Parallelisation and Java
Having built our model, we now want to run it. We're going to use MPJ Express to compile and run it.
First, go to the MPJ Express download site, download it, and expand it into a directory on your M: drive. Here we assume M:/MPJ.
Now download the model files: Model.java, Landscape.java, Agent.java. Here we'll assume they are saved in M:/java/model.
We'll now compile and run the files. MPJ demands a couple of Environment variables are set up. If you run it in Cluster Configuration, these have to be set up in the System Environment Variables. However, we're going to run in Multicore Configuration, and we can get away with setting these up at the command line, as MPJ is going to run from a single instance of the command prompt. Rather than repeatedly typing these commands, we'll run them from a bat ("batch") file (Windows DOS command prompt script). In the same directory as your model java files, make a empty text file called run.bat (make sure it isn't run.bat.txt). Open it in Notepad++ and add the following:
@echo off
set MPJ_HOME=m:\MPJ
set PATH=%PATH%;"%MPJ_HOME%\bin"
This will set up the MPJ_HOME variable and add the MPJ bin directory to the computer's search path. The first line just stops the commands being repeated back to you when they run. To run the bat file you can usually just double-click it, however, we're going to want to see some outputs at the command line, so open up a command prompt, navigate to your batch file, and just type the name of the file to run it (you can miss off the ".bat" if you like). You shouldn't see anything at the moment if it runs properly. (You can find out more about bat files in this Introduction and Detailed tutorial, plus info on Setting variables).

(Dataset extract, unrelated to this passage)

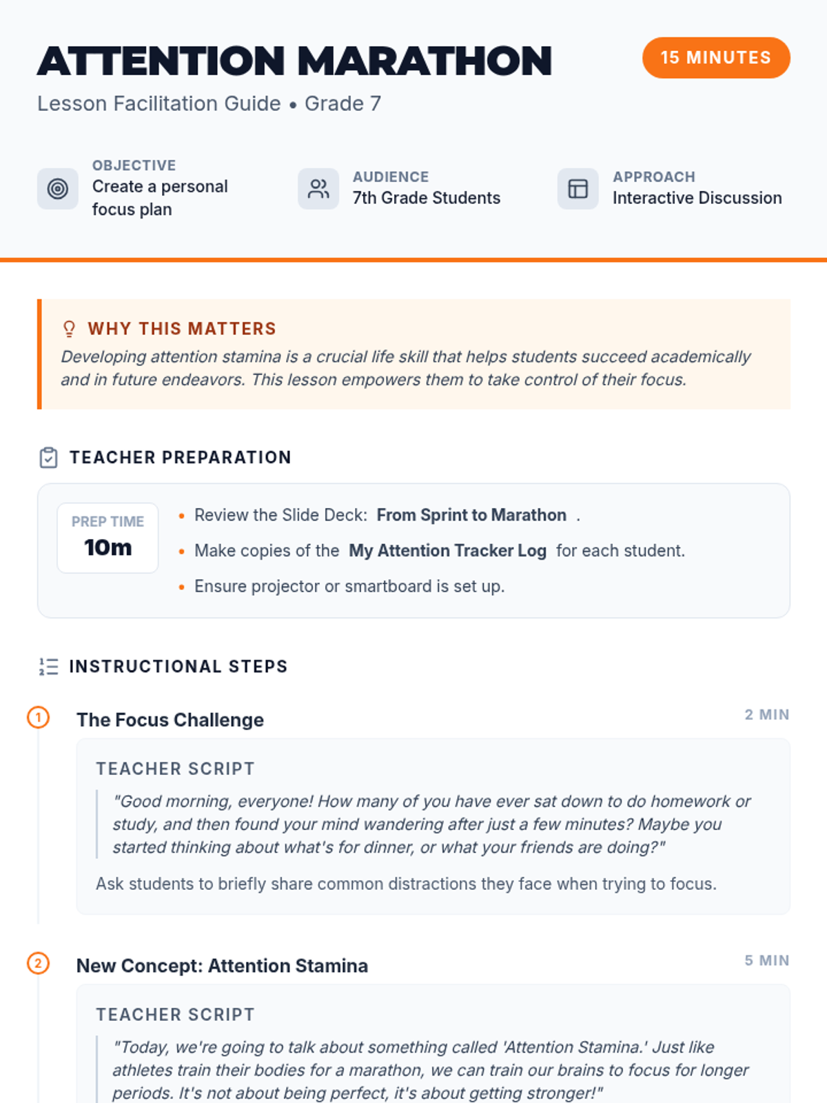 This 15-minute, single-session lesson helps 7th-grade students develop strategies to improve their attention stamina and focus. Students will learn about attention as a skill that can be trained and create a personal plan to gradually increase their focused work time on specific tasks.

Next we need to add some lines to compile our code. Add the following:
"C:\Program Files\Java\jdk1.7.0_25\bin\javac" -cp .;%MPJ_HOME%/lib/mpj.jar *.java
Note that we use the cp classpath parameter to tell java where the MPJ files are. Run the bat file again to check it works.

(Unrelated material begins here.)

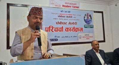 पोखरा। निबन्धकार मुकुन्दराज शर्माको निबन्ध सङ्ग्रह ‘धोबीघाट मेलोडी’ माथि परिचर्चा कार्यक्रम शनिबार रिडर्स कर्नर पोखरामा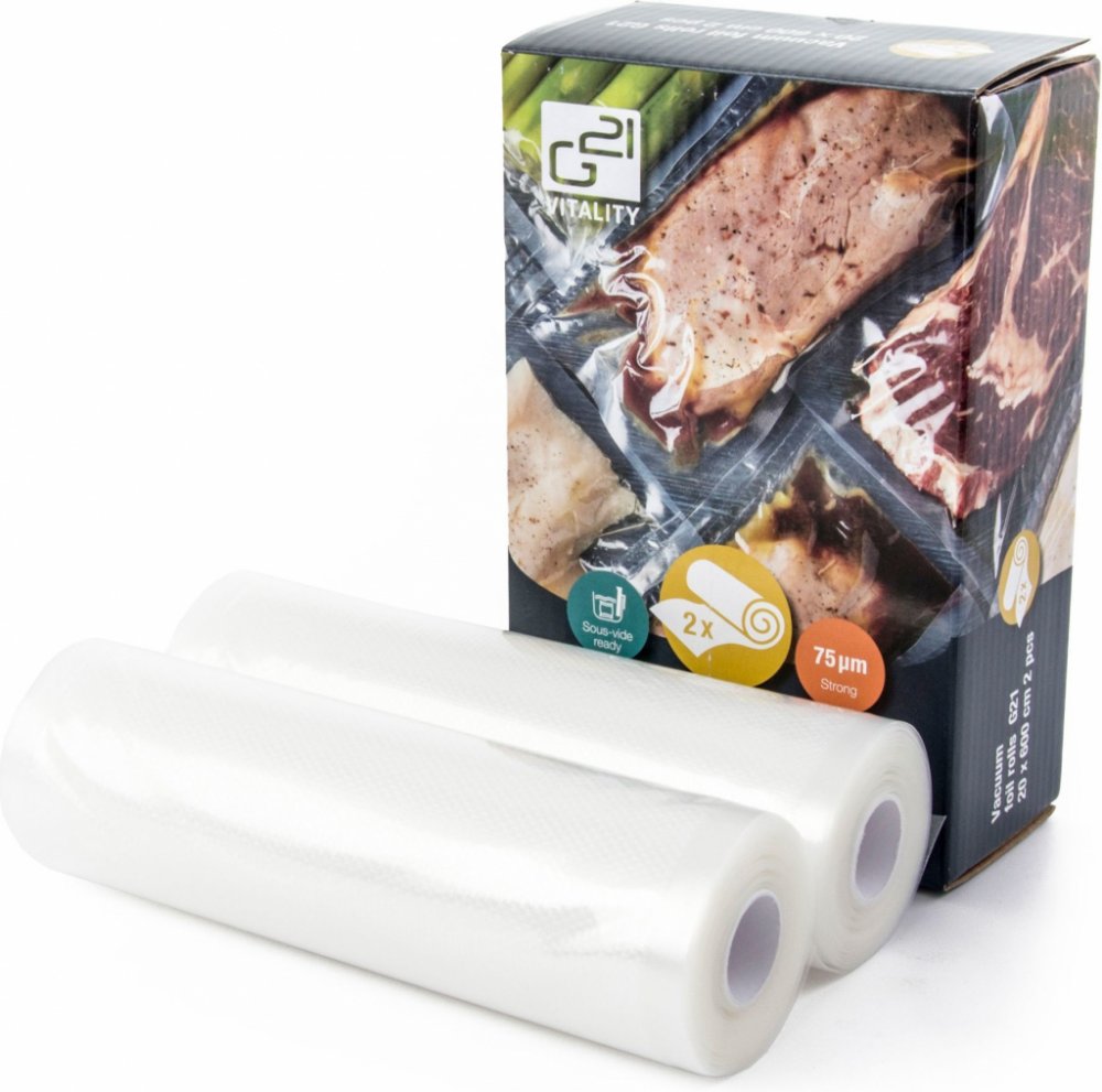 Pevná potravinářská fólie G21 v 6metrové roli o šířce 20 cm je díky své vysoké pevnosti a kvalitnímu provedení vhodná nejen pro prodloužení trvanlivosti potravin vakuováním a jejich uchovávání v ledničce nebo v mrazáku, ale využijete ji i k vakuování surovin pro sous-vide vaření.

Finally, we need to run the files on multiple nodes (in this case multiple cores, but it is pretty much the same process for multiple machines). Add the following to the bat file (Don't run it yet!):
%MPJ_HOME%\bin\mpjrun.bat -np 4 Model
This invokes a second bat file, that MPJ supplies, that runs the java classes across the local cores or a set of identified nodes. Here we've asked for the Model.class file to be run using 4 nodes.

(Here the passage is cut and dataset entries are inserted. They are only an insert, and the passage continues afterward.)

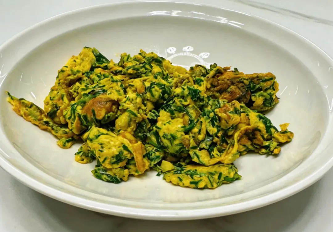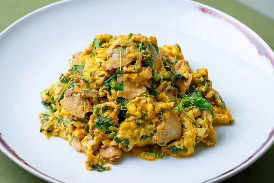 香椿文蛤滑蛋,头茬香椿清芬扑鼻,文蛤鲜润多汁,与滑嫩的鸡蛋同炒,金黄翠绿相映。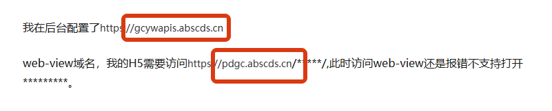 web-view域名,我的H5需要访问https://pdgc.abscds.cn/*****/,此时访问web-view还是报错不支持打开*********。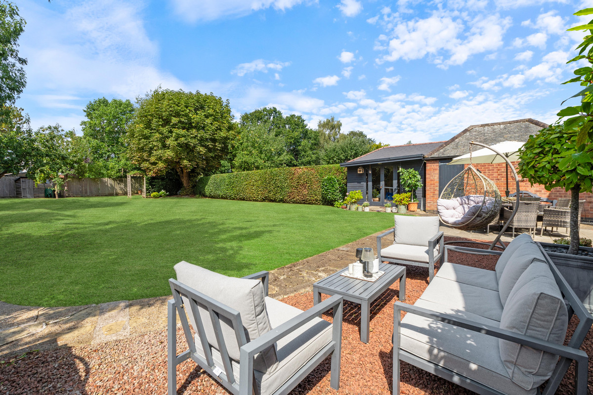 The sweeping lawn is ideal for children to play, while the well-placed summer house offers an additional retreat, perfect for hobbies, relaxation or even a home gym.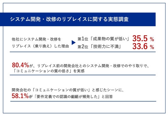 まず、元の開発会社ではなく、他社にシステム開発・改修をリプレイスした理由については、「成果物の質が低かった」が35.5%で最も多く、次いで「技術力に不満があった」が33.6%でした。さらに、80.4%がリプレイス前の開発会社に対し「コミュニケーションの質の低さ」を実感していることがわかりました。実際にコミュニケーションの質の低さを感じたシーンは、「要件定義での認識の齟齬が頻発した」(58.1%)や「質問や相談に対する対応が遅かった」(51.2%)が、高い割合でした。また、リプレイスの際に注意した点としては、「改修するシステム仕様の要件定義を確認した」(50.5%)が最多となり、引き継ぎの際に生じた課題は、「前の開発会社の引継ぎ資料が不十分だった」(60.0%)、「引継ぎ後にエラーなどが発生した」(51.4%)が上位となりました。

You can try running it, however it may come back and say it doesn't recognise java. If it does this, you need to find the mpjrun.bat file and tell it where java is. Alter it from this:
@echo off
java -jar %MPJ_HOME%/lib/starter.jar %*
to this...
@echo off
"C:\Program Files\Java\jdk1.7.0_25\bin\java" -jar %MPJ_HOME%/lib/starter.jar %*
Note that %* just passes the starter.jar the parameters passed into mpjrun.bat by run.bat.
Run the run.bat file again. You should now see some results from the model, generated
running on 4 nodes. If you ask for more nodes than the machine has, it will just split the
program into the number of threads you've asked for, and allocate them to the cores that
are available. This makes MPJ really useful for parallel development. The other good thing
about developing on one machine, but using parallel cores is that if you add System.out.println
requests, they appear on the command line at your machine, so debugging is easy. Try and
get the program to list the number of agents on each node, for example. There is more
information on debugging across multiple PCs and using Eclipse in MPJ development on the
MJP Express website under "user guides".
Finally, although we don't have a Beowulf cluster any more, they are still useful to know about, not least because a lot of them are built into grid and cloud systems. With this in mind, we thought you might be interested in comparing running MPJ like this with running stuff on a Beowulf cluster, so I've saved our old Beowulf instructions for you. Although you can't use them, if you read through them they're give you a flavour of how this stuff works on Linux, and using a different MPI implementation that demands a C-based MPI implementation to run under it: Beowulf instructions.
If, for your dissertation, you want to make a model that requires HPC, we can get you access to a Grid system that runs MPJ in cluster configuration; just talk to Andy or Nick.